In vitro eye irritation (RhCE), key study, RL1

This GLP compliant in vitro study was performed according to OECD guideline 492 to assess the eye irritation potential of the test item by means of the Human Cornea Model Test. The test item proved to be an MTT reducer in the MTT pre-test, but did not have intrinsic colour or proved to dye water or isopropanol in the colour interference pre-test. Therefore, additional tests with freeze-killed tissues had to be performed. The viability values resulted in these additional tests were used to correct the values gained in the main experiment. Tissues of the human cornea model EpiOcular™ were treated with the test item, the positive and the negative control for 30 minutes each in duplicate. 50 μL of the test item and of the controls, respectively, were applied to each tissue, spread to match the tissue size. Treatment with the positive control induced a decrease in the mean tissue viability compared with the negative control to 21.74%, thus the validity of the test system is ensured.

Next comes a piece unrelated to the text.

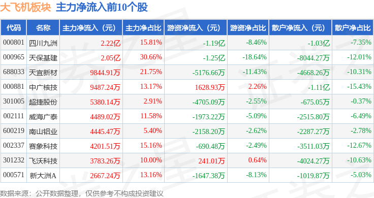 从资金流向上来看,当日大飞机板块主力资金净流出10.41亿元,游资资金净流入7068.71万元,散户资金净流入9.71亿元。大飞机板块个股资金流向见下表:

The acceptance criteria were met. The difference of relative viability between the two relating tissues was < 20 p.p. in the same run (for test item tissues, positive and negative control tissues). Irritating effects were not observed following incubation with the test item. Compared with the value of the negative control, the mean absorption value corresponding to the tissue viability did not decrease below 60% (determined value for the test item: 80.18%).

 

Conclusion: According to the results of an in vitro skin and eye irritation assay, the test item was found to be not irritating to skin and eye.

Justification for classification or non-classification

Based on the available in vitro studies, it is concluded that the test item is not a skin or eye irritant and should not be classified under EU Classification, Labelling and Packaging of Substances and Mixtures (CLP) Regulation (EC) No 1272/2008, as amended for seventeenth time in Regulation (EU) No 2021/849.